I wanted to do some quick benchmarking but by the end of the post, I ended up digging into the source code to atleast begin answering “why” things perform differently.

“Your Methodology Is Wrong!”

I don’t think I’ve ever written a benchmarking post without someone jumping on Twitter, Reddit, or some social media and pointing out how wrong I am. The thing is with benchmarking, and especially C#, there is so much “compiler magic” that happens. Things get optimized out or the compiler knows you are dumb and tries to help you out in a way you never expect.

If I’ve made a misstep somewhere, please drop a comment (Hell, plug your soundcloud while you’re at it). I always come back and add in comments where people think I’ve gone wrong and redo tests where needed. Sharing is caring after all!

My Setup

So as always, your mileage may vary when running these benchmarks yourself (but please do!). I am using an AMD Ryzen CPU with the .NET Core SDK as my runtime. Full details here :

BenchmarkDotNet=v0.12.0, OS=Windows 10.0.18362
AMD Ryzen 7 2700X, 1 CPU, 16 logical and 8 physical cores
.NET Core SDK=3.1.100
  [Host]     : .NET Core 3.1.1 (CoreCLR 4.700.19.60701, CoreFX 4.700.19.60801), X64 RyuJIT
  DefaultJob : .NET Core 3.1.1 (CoreCLR 4.700.19.60701, CoreFX 4.700.19.60801), X64 RyuJIT

Initial Benchmarking

For my benchmark, I’m going to try and do “single line joins”. What I mean by “single line joins” is that I have say 5 variables that I want to all join up in a long string, with a single space between them. I’m not doing this inside a loop and I have all 5 variables on hand. For this, I’m using BenchmarkDotNet.  My benchmark looks like so :

public class SingleLineJoin
{
    public string string1 = "a";
    public string string2 = "b";
    public string string3 = "c";
    public string string4 = "d";
    public string string5 = "e";

    [Benchmark]
    public string Interpolation()
    {
        return $"{string1} {string2} {string3} {string4} {string5}";
    }

    [Benchmark]
    public string PlusOperator()
    {
        return string1 + " " + string2 + " " + string3 + " " + string4 + " " + string5;
    }

    [Benchmark]
    public string StringConcatenate()
    {
        return string.Concat(string1, " ", string2, " ", string3, " ", string4, " ", string5);
    }

    [Benchmark]
    public string StringJoin()
    {
        return string.Join(" ", string1, string2, string3, string4, string5);
    }

    [Benchmark]
    public string StringFormat()
    {
        return string.Format("{0} {1} {2} {3} {4}", string1, string2, string3, string4, string5);
    }

    [Benchmark]
    public string StringBuilderAppend()
    {
        StringBuilder builder = new StringBuilder();
        builder.Append(string1);
        builder.Append(" ");
        builder.Append(string2);
        builder.Append(" ");
        builder.Append(string3);
        builder.Append(" ");
        builder.Append(string4);
        builder.Append(" ");
        builder.Append(string5);
        return builder.ToString();
    }
}

I’d also note that StringBuilder also has methods to do things like builder.AppendJoin which is like a hybrid between appending a line to the StringBuilder object but using a string.Join to actually create the line. I’ve skipped these because if you were simply going to use the AppendJoin method, you would instead just use string.Join anyway.
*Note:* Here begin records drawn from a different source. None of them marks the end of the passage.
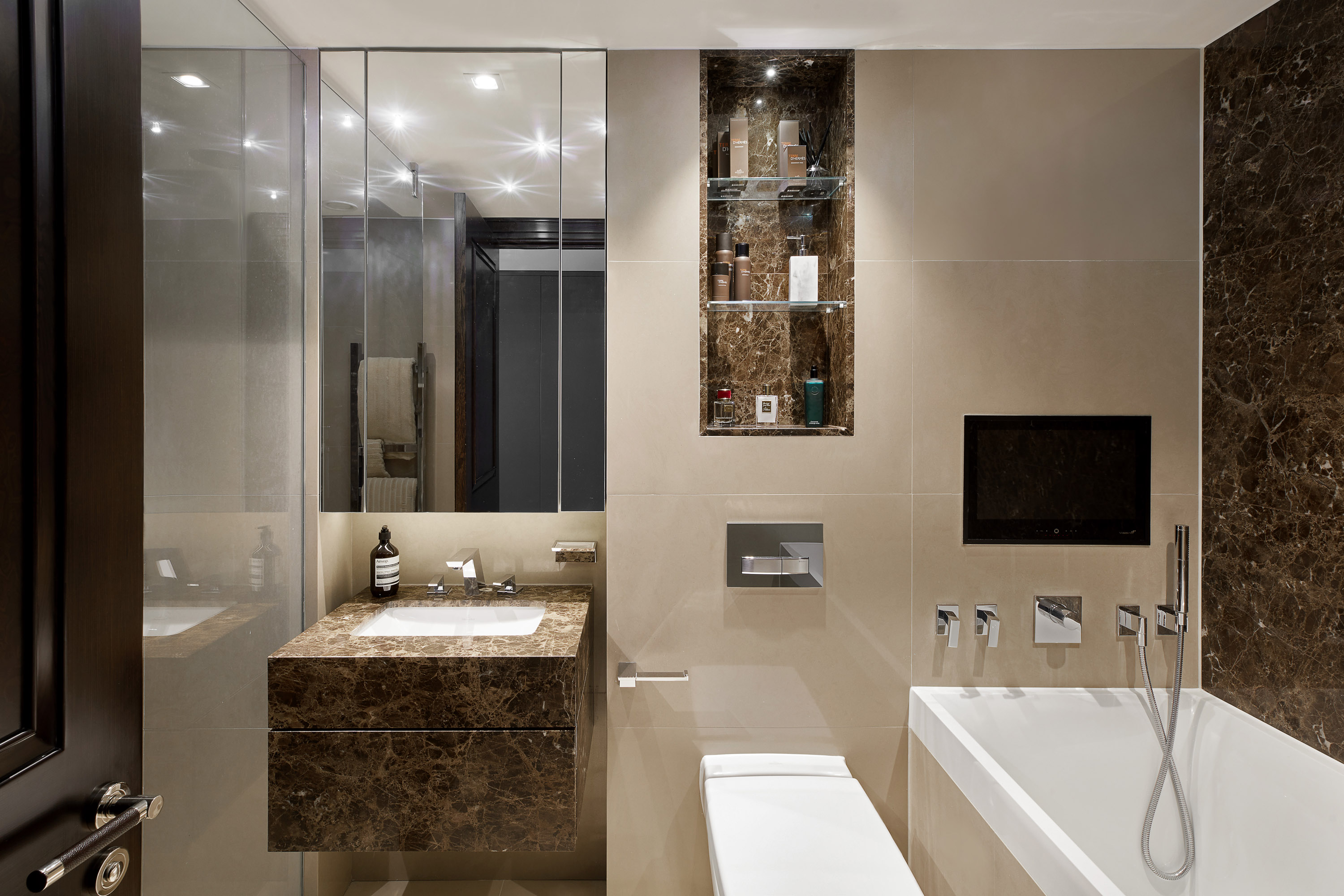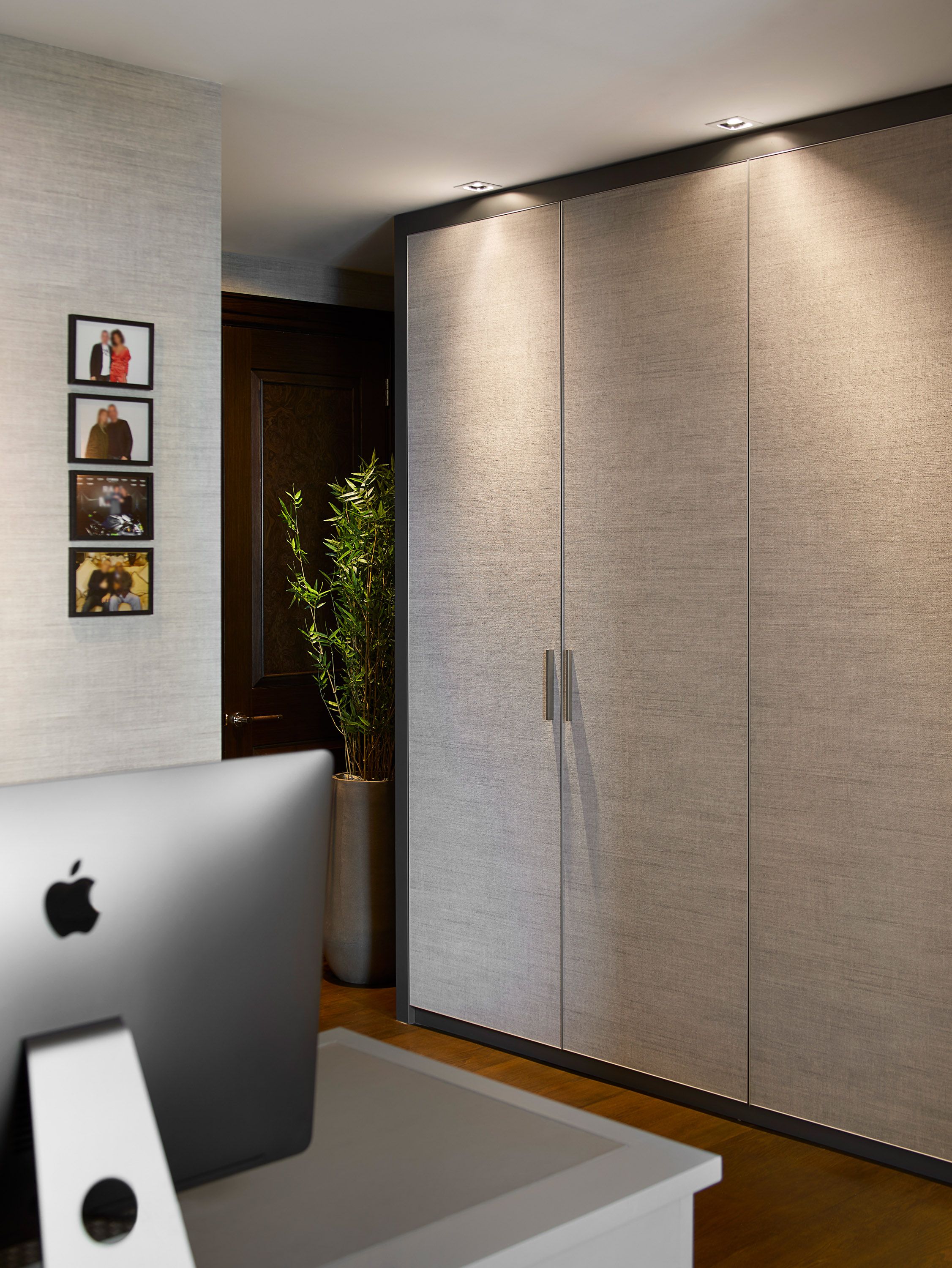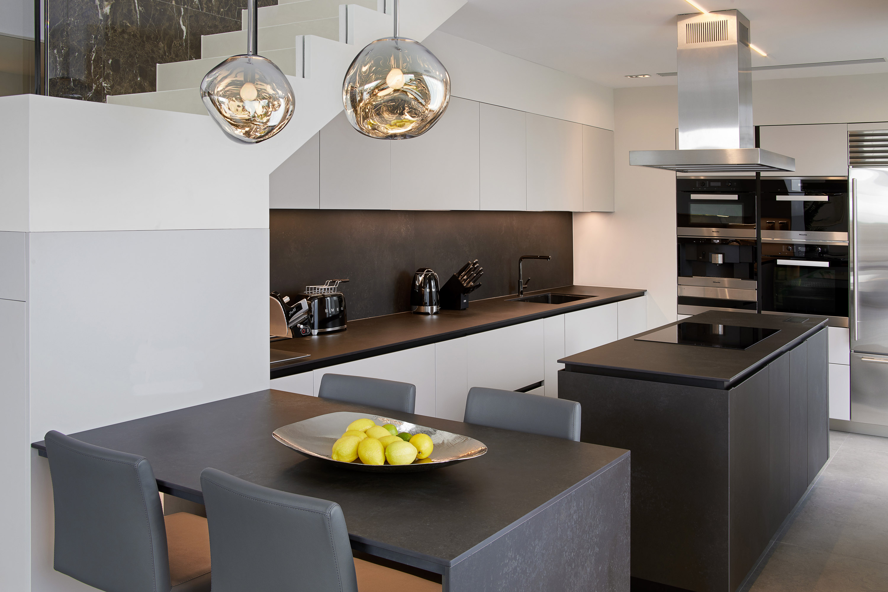 The scheme complimented the Client personality with a mostly monochromatic colour palette and adding different textures with marble, leather ceramic and wood.
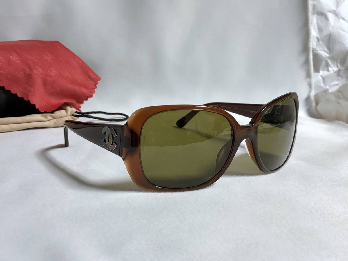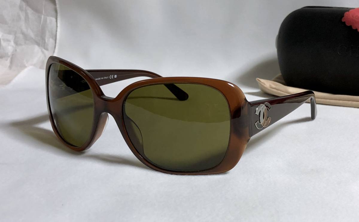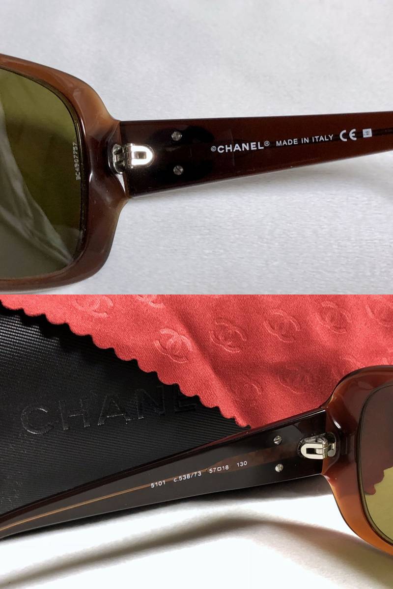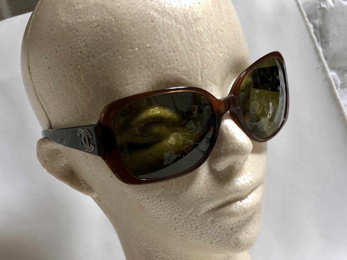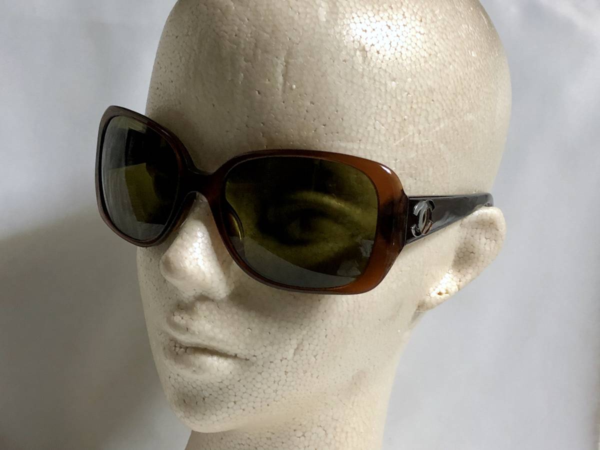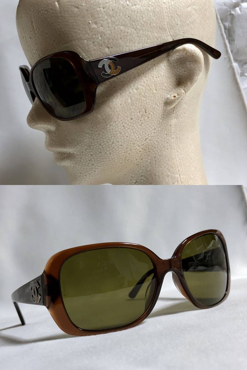 正規美 激レア セレブ愛用 シャネルCHANEL マルチカラーココマークロゴサングラス茶 ブラウン×カーキ系 5101 付属有★ 男女兼用 メガネ〇
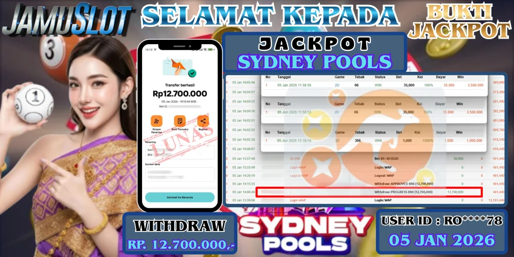 BUKTI PEMBAYARAN KEMENANGAN JP SYDNEY POOLS SEBESAR 12.700.000,- LUNAS
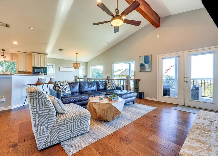 Nestled in the serene landscapes of Texas Hill Country, the Canyon Lake Retreat is a spectacular getaway that harmoniously blends comfort and nature. Boasting breathtaking lake views, the retreat is just an hour's drive from San Antonio International Airport, making it an easily accessible haven for those seeking both relaxation and adventure. This picturesque destination invites guests to unwind in a stunning environment where every detail is designed to enhance your stay.
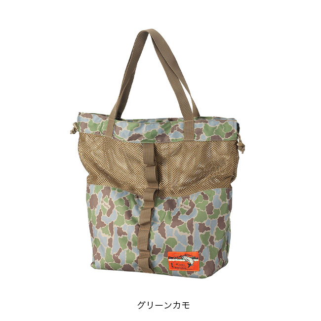 Foxfireオリジナルのフィッシュアイカモフラージュ柄をプリントしたトートバッグです。

And the results are here :

MethodMeanErrorStdDev
Interpolation98.58 ns1.310 ns1.225 ns
PlusOperator98.35 ns0.729 ns0.646 ns
StringConcatenate94.65 ns0.929 ns0.869 ns
StringJoin78.52 ns0.846 ns0.750 ns
StringFormat233.67 ns3.262 ns2.892 ns
StringBuilderAppend51.13 ns0.237 ns0.210 ns

Here’s the interesting thing for me. From what I can see, Interpolation, PlusOperator and Concat are roughly the same. String.Join is fast(er) with StringBuilder being the clear leader. String.Format is slowest by a mile. What’s going on here? We are going to have to do digging as to what goes on under the hood.

Digging Deeper

String.Format

Why is String.Format so slow? Well as it turns out, String.Format also uses StringBuilder behind the scenes, but it falls down to a method called “AppendFormatHelper” https://github.com/microsoft/referencesource/blob/master/mscorlib/system/text/stringbuilder.cs#L1322. Now this somewhat makes sense because you have to remember, string.Format can do things like :

String.Format("Price : {0:C2}", 14.00M);//Prints $14.00 (Formats as currency). 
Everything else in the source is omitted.